|Botanical: Carum carvi
Family: Umbelliferae (carrot) - Apiaceae (parsley)
Other common names: Kummel, Caraway Fruit, Oleum Carvi, Oleum Cari
Another old favorite in the kitchen, Caraway Seed is also an old favorite herbal digestive aid and appetite stimulant that has long been used to relieve indigestion and gas. Try it for other digestive problems as well, including constipation, heartburn, colic and irritable bowel syndrome (IBS). Caraway has a spicy past: It was used in ancient times as an aphrodisiac in love potions.
The information presented herein by Herbal Extracts Plus is intended for educational purposes only. These statements have not been evaluated by the FDA and are not intended to diagnose, cure, treat or prevent disease. Individual results may vary, and before using any supplements, it is always advisable to consult with your own health care provider.

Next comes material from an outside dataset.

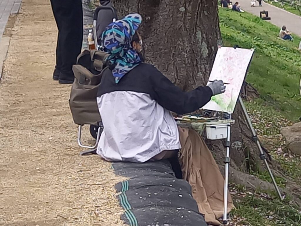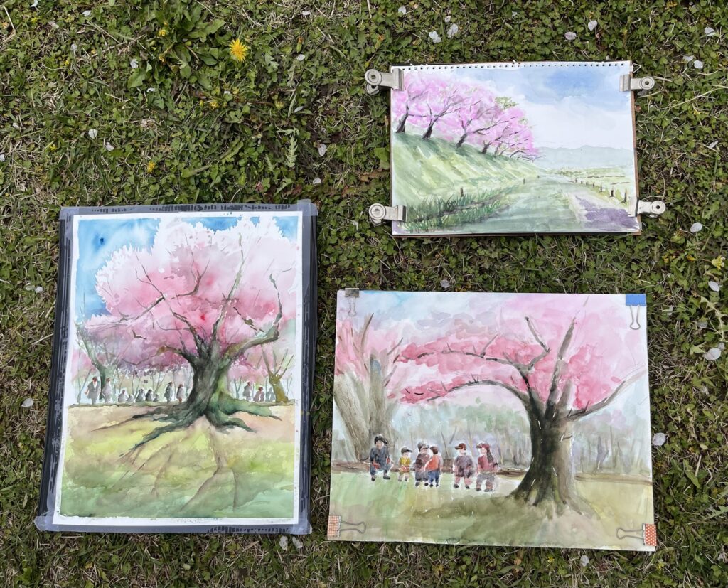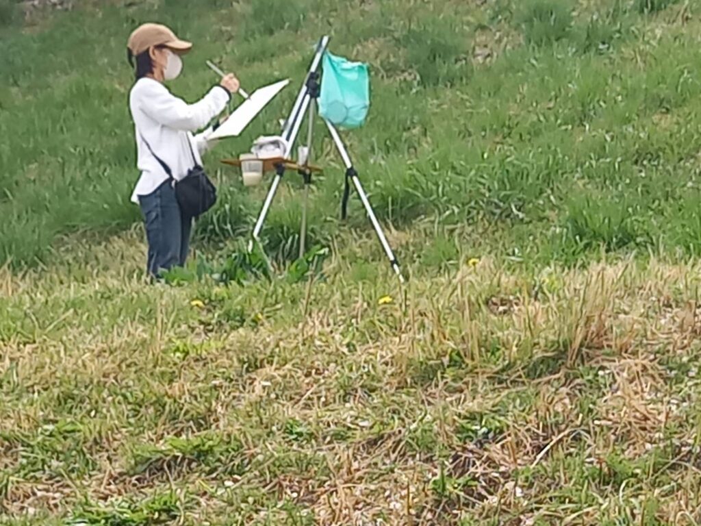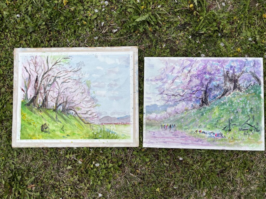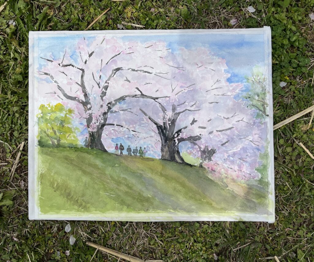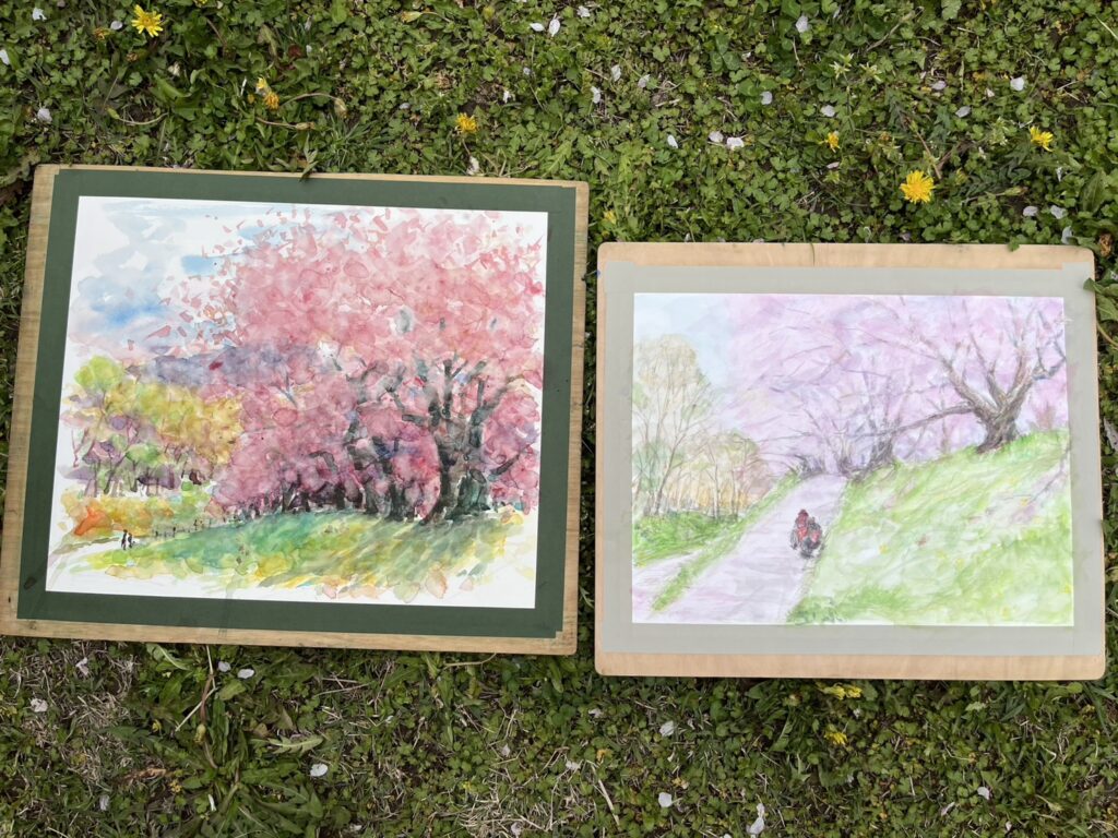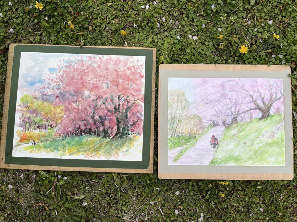 前夜の雨がきれいに上がり、絶好のお花見&スケッチ日和。桜並木を散策する人、お弁当を広げるファミリーとどこまで行っても人、人、人でたくさん歩きました。3名の方が新たに入会され36人でのスケッチ、お花見客の方にも見守られながらの講評会となりました。

Caraway is an annual or biennial herb with finely divided leaves and slender stems that grow from one to two feet in height and are topped by small white flowers. The plant has long taproots that can effectively break up and aerate heavy soils. It is native to the Old World and had been used in the Middle East for five thousand years before its introduction to Europe in the thirteenth century. Caraway grows wild in Europe and temperate parts of Asia and was naturalized in the United States and Great Britain. It is cultivated commercially in Morocco, Holland and England for culinary and medicinal purposes. An herb with a pedigree, Caraway has been found in the remains of Stone Age meals, Egyptian tombs and ancient caravan stops along the Silk Road. Its botanical genus name, according to the first-century naturalist, Pliny, was derived from Caria, an ancient region of Asia Minor, and the name Caraway comes down to us from ancient Arabic peoples who called the seeds karawya, the name they still bear in the East. Years ago, Caraway was believed to have magnetic properties, and potions were used to attract a person's love. Moreover, Caraway Seeds were sprinkled on people's most prized possessions to protect them from theft, or at least magically hold any would-be thief in place until the owner returned. Caraway Seeds were widely known for their mildly spicy, aromatic flavor that were not only used in herbal medicine, helping to relieve digestive ailments (Dioscorides even prescribed Caraway for "pale-faced girls"), but it has also been an important ingredient in baked goods, soups, salads, cordials, confectionery, soaps and perfumery. The typical fragrance of Caraway is produced by carvone, which comprises much of the volatile oils in the seeds and said to have both stimulating and anesthetic effects. Other volatile oil compounds include and to a lessor extent dihydrocarvone, dihydrocarveol, carveol, d-perillyl alcohol and d-dihydropinol; the oils of Caraway grown in different locations differ from each other in quantity, quality and composition.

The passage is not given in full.